- Born: July 11, 1928 Fort Berthold Indian Reservation, North Dakota, U.S.
- Died: February 3, 2018 (age 89) Bismarck, North Dakota, U.S.
- Other name: Blossoming Mint
- Occupations: Activist, community leader

= Tillie Fay Walker =

American activist

Tillie Fay Walker (July 11, 1928 – February 3, 2018), also known as Hishua Adesh (Blossoming Mint), was an American civil rights activist and community leader. She was an enrolled member of the Mandan, Hidatsa, and Arikara Nation. She helped recruit and organize Native American participants in the Poor People's Campaign led by Martin Luther King Jr.

==Early life and education==
Walker was born on the Fort Berthold Indian Reservation in North Dakota, the daughter of Hans Walker Sr. and Mercy Baker Walker. Both Mandan and Hidatsa were spoken in her childhood home. Her family was relocated for the building of Garrison Dam. She attended a mission school at Elbowoods, graduated from Sanish High School, and earned a bachelor's degree at the University of Nebraska in 1955. Her brother Hans C. Walker Jr. became a lawyer, and was named head of the federal Indian Water Rights Office in 1971.

==Career==
Walker moved to Philadelphia after college, and worked for the American Friends Service Committee (AFSC). She succeeded Vine Deloria Jr. as director of the United Scholarship Service, funding secondary education for Native American youth, from the program's office in Denver. In 1967, she testified before a Senate hearing on Indian education. In 1968, she was profiled in a Vogue magazine article titled "The Thinking Indians". She met with Martin Luther King Jr., and joined the Poor People's Campaign to recruit Native Americans to the civil rights movement. "She believed passionately that the poor of every race were fighting the same battle," explained one historian of the campaign.

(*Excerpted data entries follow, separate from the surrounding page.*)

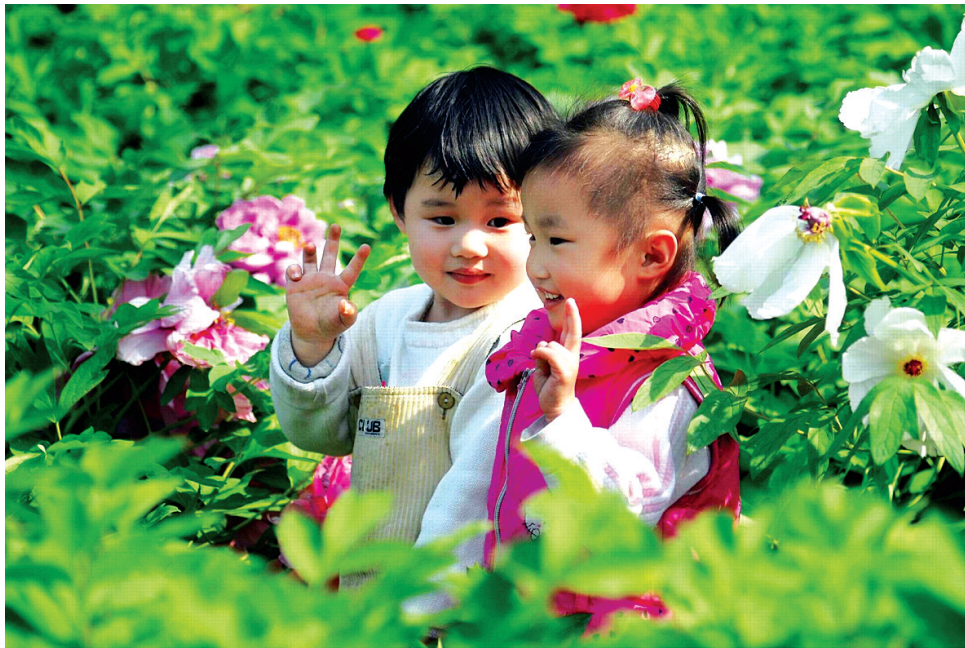
在好水好景的孕育下,孩子们的笑脸如此纯净和美好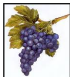
Plateau de raisins & fromages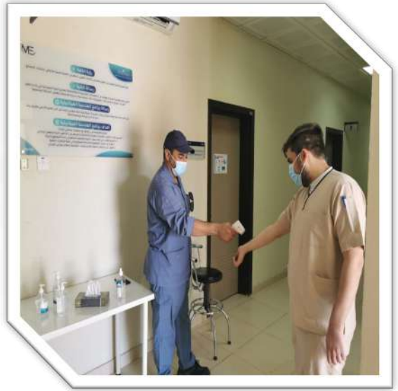
نقطة فرز قسم الهندسة الميكانيكية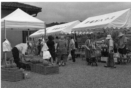
写真4 毎月の朝市は買い物客で賑わう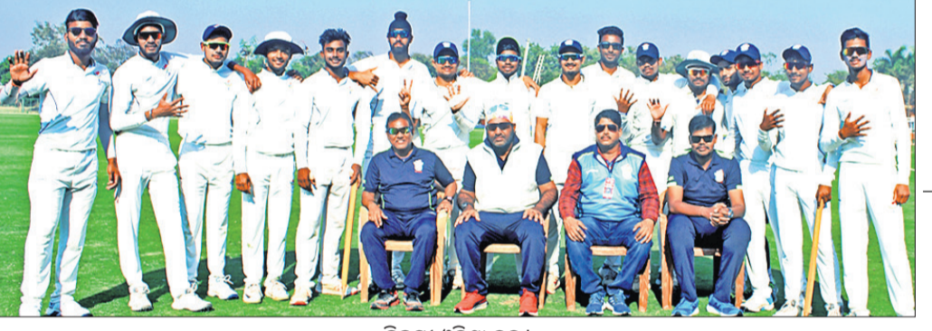
ବିଜୟ ଓଡ଼ିଶା ଦଳ।

ବରଗଡ଼ସ୍ଥିତ ବିକାଶ ଗ୍ରାଉଣ୍ଡରେ ଓଡ଼ିଶା ଏର୍ପିସି ଅଭିଯାନ ପ୍ରଦର୍ଶନ ମଧ୍ୟରେ ୨୩ବର୍ଷରୁ କମ୍ ବୟସ୍କ ଯିବେ ନାଲିରୁ ପ୍ରତିଯୋଗିତା ପାଇଁ ମ୍ୟାଚ୍‌ ପାଇଁ ନିଷ୍ପତ୍ତି ଭାବେ ଏକ ଟ୍ୟାଲେଣ୍ଟ ମ୍ୟାଚ୍ ରହିବ' ବୋଲି ଓଡ଼ିଶା ଏର୍ପିସି କୋର୍ଟ ଗୋଷ୍ଠୀର ଖବରଦାତା ସମ୍ବଳନାରେ କହିଛନ୍ତି।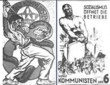
2. Cartazes do Partido Comunista alemão. À esquerda: Vota comunista, 1.maio.1924. Legenda na serpente: 10 horas por dia, assassinos dos operários, servos do Capital, exploradores! À direita: O Socialismo abre as fábricas. Vota nos Comunistas.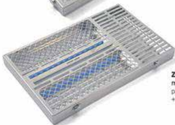
ZTR301 mm 370x235x34h para 14 instrumentos + espacios modulares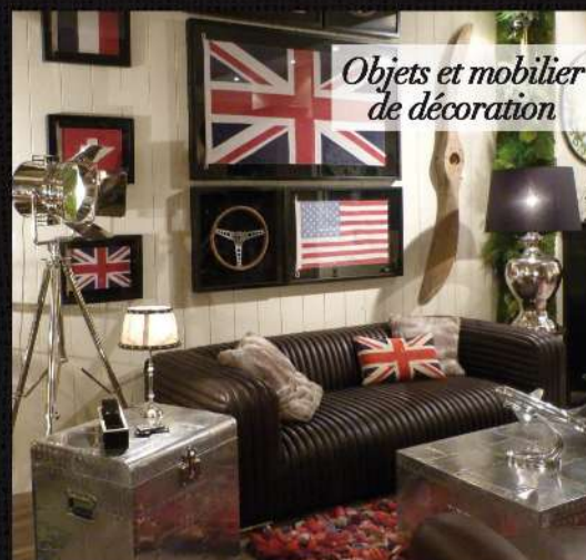
Objets et mobilier de décoration

Zoffany chez Sanderson , 19, rue du Mail, 75002 Paris, tél.: 01 40 41 17 76.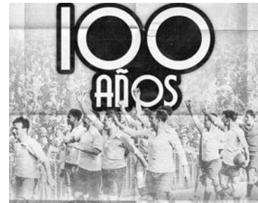
Los charrúa ganaron el oro en los Juegos Olímpicos de París 1924.

Fue un 9 de junio, en Colombes cuando el conjunto charrúa superó con un contundente 3-0 a Suiza en la Final del certamen para lograr su primera estrella.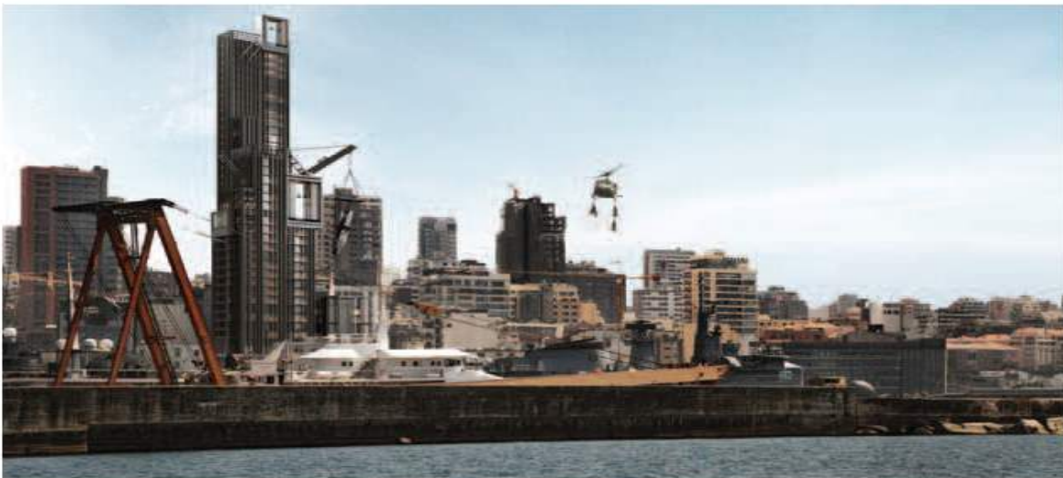
↓ Vue de la tour sur Plot #450 et de la grue de la surveillance planant de côté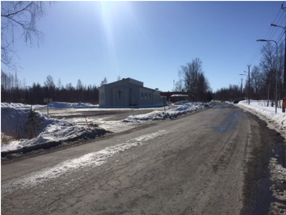
Bild 2. Detaljplaneområdet sett från nordost längs Näsvägen.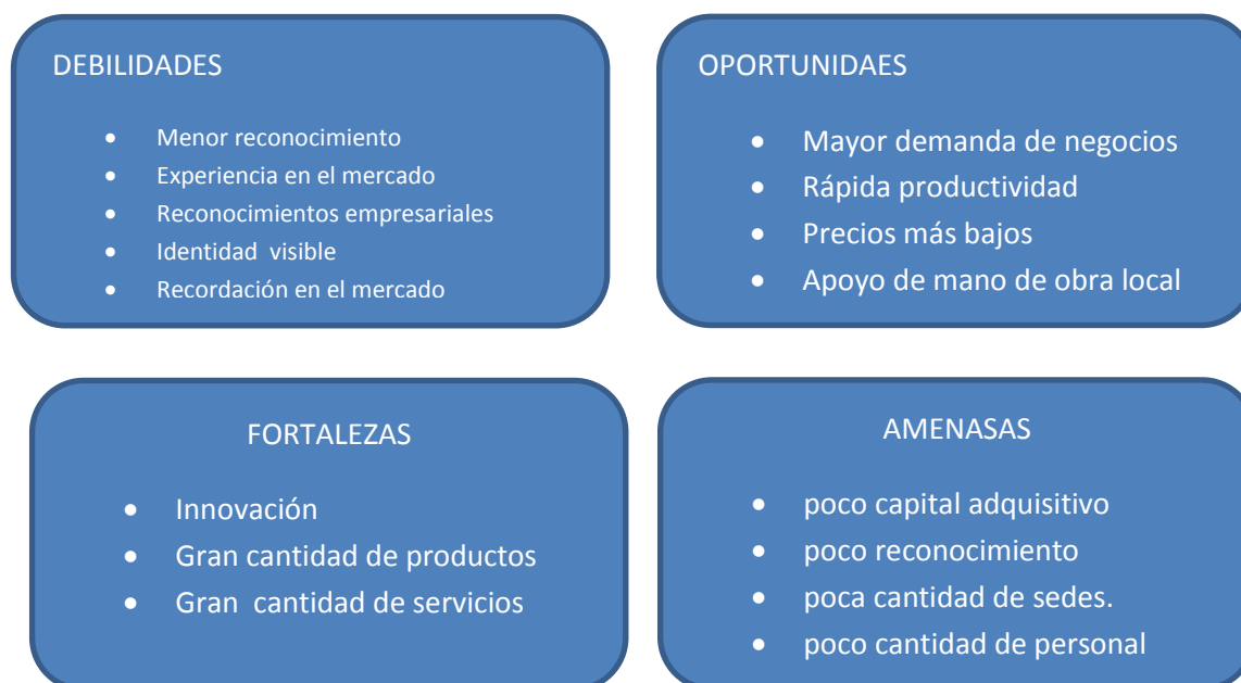
Grafico 1, análisis Dofa de recursos requeridos.

Como punto de partida el eco-parque proyecta unos requerimientos en recursos humanos, físicos, intelectuales y económicos para funcionar. Para dar base a estas necesidades se emplea la herramienta de análisis DOFA con el fin de especificar lo que se proyecta y que se necesita para hacer de 1000AGRO una realidad.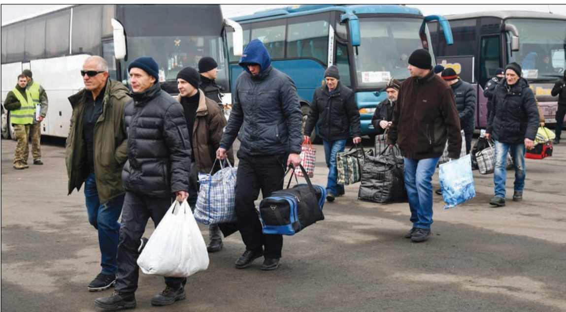
التفويضات الأوكرانية لروسيا خلال عملية تبادل الأسرى مع أوكرانيا

من الطرفين قد توجهوا إلى ما يسمى «المنطقة الرمادية» الفاصلة بين مواقع طرفي النزاع لإتمام عملية التبادل، لافتة إلى أن الحكومة الأوكرانية قدمت ضمانات لوكالة الطاقة النووية الأوكرانية.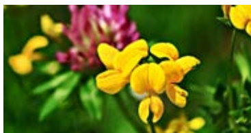
DSV Bi- & Insektblanding (flerårig) juni- november

På nedenstående link kan du se nogle eksempler på forskellige insektblandinger. God fornøjelse:-)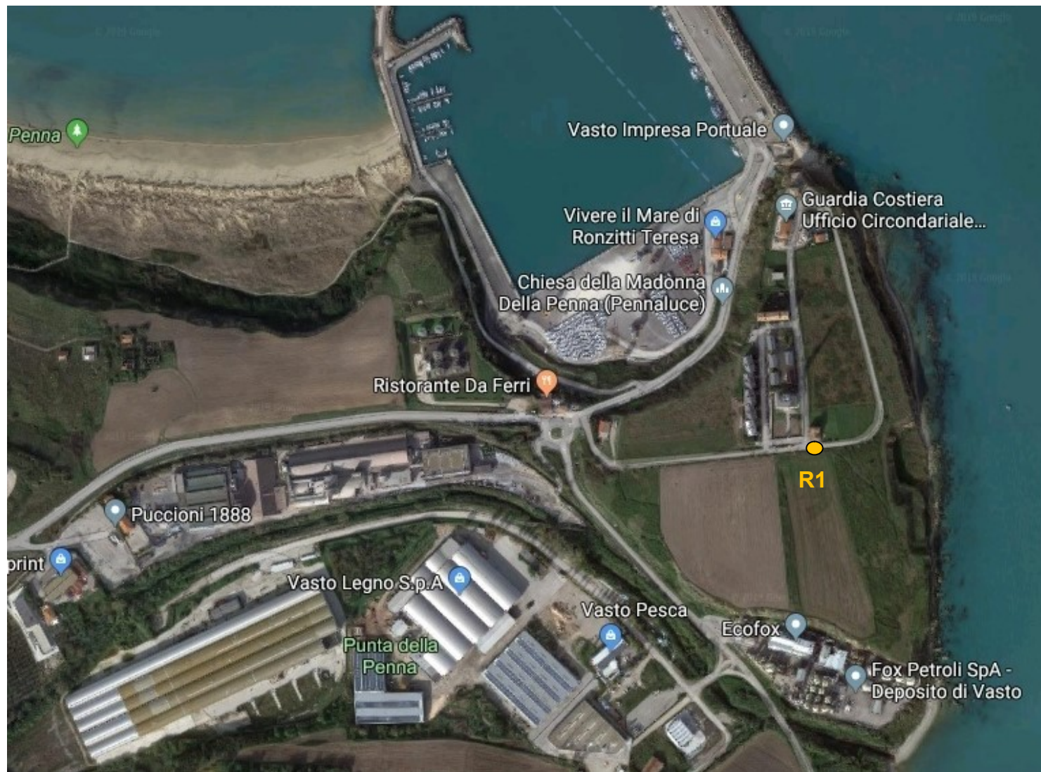
Ubicazione del ricettore abitativo R1

From 1978 to 1988, Walker was elected to a tribal council seat in Mandaree, and she served on the Garrison Unit Joint Tribal Advisory Committee, to secure more compensation for the residents of Fort Berthold displaced by the Garrison Dam project. She testified before a Senate hearing in 1983, about health care and legal services funding for her tribe. She donated money and other support to the Three Affiliated Tribes Museum, and helped place Independence Congregational Church on the National Register of Historic Places. In 1997 she worked with the North Dakota Heritage Center on an exhibit titled "Sacred Beauty: Quill Work by Plains Women". In her last years, she and her sister donated the Knife River Ranch to the Mandan, Hidatsa, and Arikara Nation.

Chippewa Cree lawyer and professor Alan R. Parker assisted Walker as a field worker in Denver in the 1960s. She worked with Harris Sherman and Vernon Bellecourt on various protest campaigns in the 1970s. She was a friend and mentor to Clyde Warrior, Mel Thom, Hank Adams, and other early members of the National Indian Youth Council.

== Publications ==

- "American Indian Children: Foster Care and Adoptions" (1976)

==Personal life==
After several years living with Alzheimer's disease, Walker died in 2018, at the age of 89, in Bismarck, North Dakota. Senator Heidi Heitkamp read a tribute to Walker into the Congressional Record later that month. February 7 is observed as "Tillie Walker Day" by the Mandan, Hidatsa, and Arikara Nation.